> [WORK REQUIRED] Provide the number of lines of the records that include "Compostela", with no other content.

> [Records from a collection]
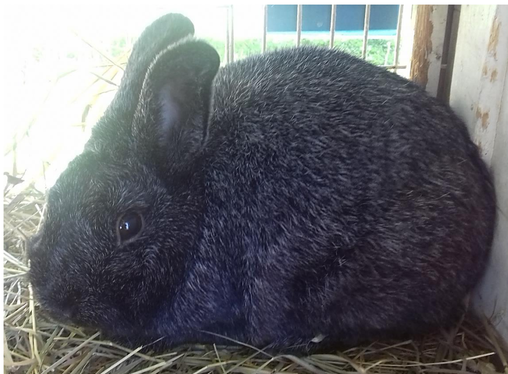
stříbřitý malý černý, člen vítězné kolekce, oceněný 95,5 b. – chovatel Cik Jiří
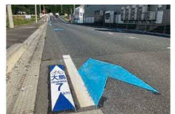
自転車走行環境の整備 [(一)大島浪板線(気仙沼市)]
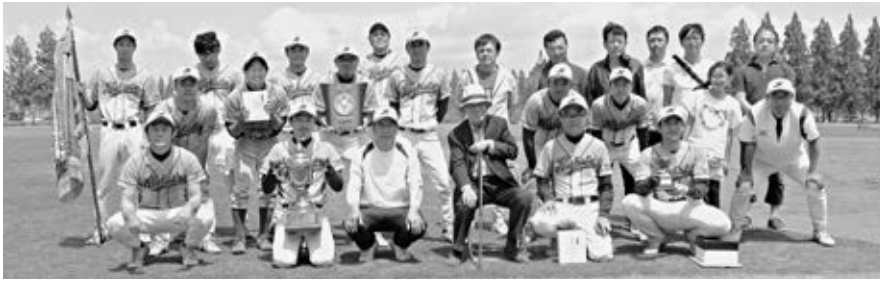
優勝した角田チーム、応援団も大活躍
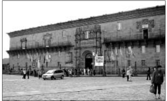
Santiago de Compostela: středověká královská nemocnice, dnes hotel

Poutníci přicházejí do Santiagu de Compostela z celé Evropy i ze zámorí. Jdou z jihu, z východu a nejčastěji ze severu
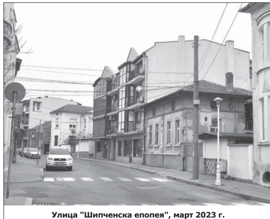
Улица „Шипченска епопея“, март 2023 г.

След 9 септември 1944 г. казанлъшките евреи се завръщат в града, с разсипано имущество, но щастливи, че са живи. Новата власт обаче също им съз-
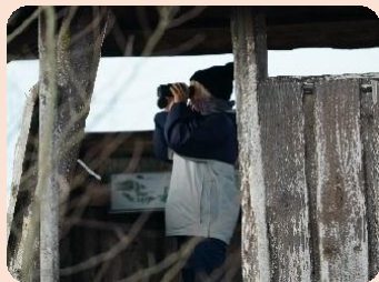
DOF VSJ-medlem i fugletårn
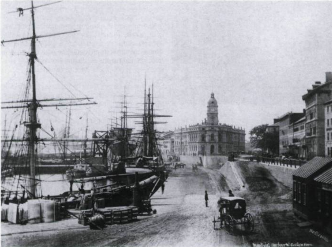
Le port de Montréal à la fin du XIX e siècle. À l'arrière-plan, le Royal Insurance Company Building.

Comme on peut s'en rendre compte, les interventions faites depuis une décennie pour conserver et mettre en valeur l'environnement bâti du Vieux-Montréal sont nombreuses, variées et, dans l'ensemble, pertinentes et de bonne qualité. À cette liste, il faut ajouter le réaménagement
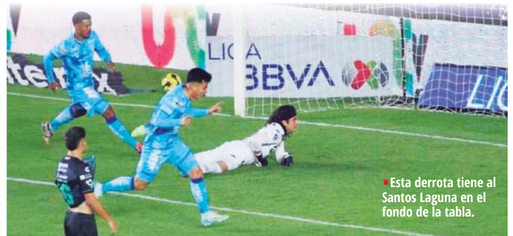
Esta derrota tiene al Santos Laguna en el fondo de la tabla.
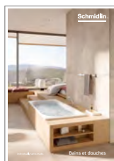
Schmidlin Bains et douches Catalogue de produits baignoires, receveurs et fonds de douche

> [ANSWER] 2